CSAT improvement from 78% to 87%. This was the number the executive team cared about most. Interestingly, cases resolved by the Agentforce agent had a slightly higher CSAT (89%) than human-resolved cases (86%). My hypothesis: speed matters more than customers admit. A correct answer in 90 seconds beats a correct answer in 4 hours, even if the human response is warmer.
22% increase in complex case resolution quality. This is the metric I am proudest of. Because human agents were freed from procedural cases, they had more time and mental bandwidth for genuinely complex issues. We measured this by tracking re-open rates on complex cases (Tier 2 and above), which dropped from 18% to 14%.
One metric I want to be honest about: the 40% resolution rate is not evenly distributed across Topics. Account Access & Authentication hit 62% autonomous resolution. Bug Reports & Known Issues only reached 19%. This variance is entirely predictable — some problem domains are more procedural than others — but it is important to set expectations correctly. When stakeholders hear "40% automation," they tend to assume uniform distribution. It is not, and your roadmap should account for the long tail of complex Topics that may never exceed 25-30% automation.
Lessons Learned: What I Would Do Differently
Invest more in grounding data upfront. We spent about 30% of the project timeline on data preparation — cleaning Knowledge articles, building structured reference objects, curating case history. In retrospect, it should have been 40%. Every hour spent improving grounding data quality paid back tenfold in agent accuracy. If you are budgeting an Agentforce implementation, allocate at least a third of your total effort to grounding data architecture. It is not the glamorous work, but it is the work that determines your outcome.
Build observability from day one. We added comprehensive logging in Phase 2, but I wish we had built it into the architecture from the start. Every agent decision — topic classification, action selection, grounding data retrieval, confidence scoring, escalation triggers — should be logged to a queryable object. Not just for debugging, but for the ongoing calibration work that never really ends. We built a custom dashboard that the support leadership team checks daily, and it has been invaluable for catching drift (the agent's performance gradually degrading as product changes outpace grounding data updates).
Plan for content maintenance as a continuous process. The Agentforce agent is only as current as your grounding data. When the product team shipped a new integration connector three weeks after launch, the agent had no data on it and was confidently providing instructions for a different connector that had a similar name. We now have a standing process where every product release includes an Agentforce grounding data update as a required checklist item. This should have been established before go-live, not after an embarrassing customer interaction.

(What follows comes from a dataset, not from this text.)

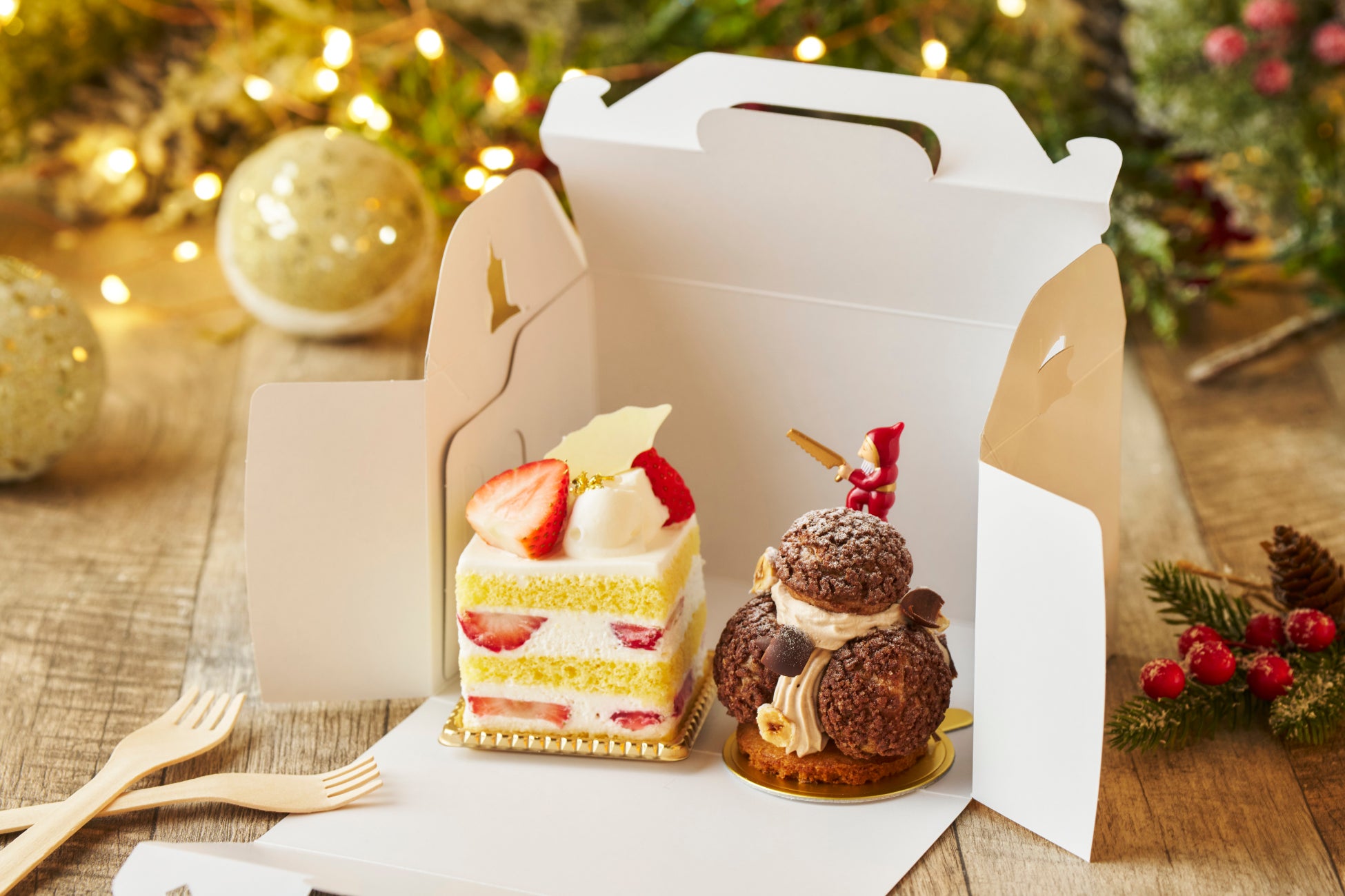 また、クリスマスイブとクリスマス当日となる12月24日(水)・25日(木)に限り、マーケットにてフェスティブケーキを販売いたします。お部屋でもお召し上がりいただけるサイズで、定番のストロベリーショートケーキとプラリネシューの2種セットを、数量限定でご用意いたします。

Do not underestimate the change management. The support team's initial reaction to Agentforce was a mix of curiosity and anxiety. Several agents were openly concerned about being replaced. We addressed this head-on by reframing the agent's role: it handles the cases you find tedious so you can focus on the cases that actually challenge you. By the end of the pilot, the loudest skeptics had become the strongest advocates — not because they were persuaded by a presentation, but because their daily work had genuinely improved. They were solving interesting problems instead of resetting passwords.

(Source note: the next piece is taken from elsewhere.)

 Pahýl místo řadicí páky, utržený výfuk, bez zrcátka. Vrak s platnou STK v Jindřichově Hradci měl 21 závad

Agentforce is not a product you install. It is an architecture you design, a dataset you curate, and a system you continuously calibrate. The 40% number in the headline is real, but it represents a sustained investment in doing the unsexy foundational work correctly. There are no shortcuts to grounding data quality, no hacks for escalation boundary design, and no substitute for a phased rollout that lets you learn from real customer interactions before scaling. If you are willing to invest in the foundation, the results are transformative. If you are looking for a quick win, you will build a very expensive chatbot.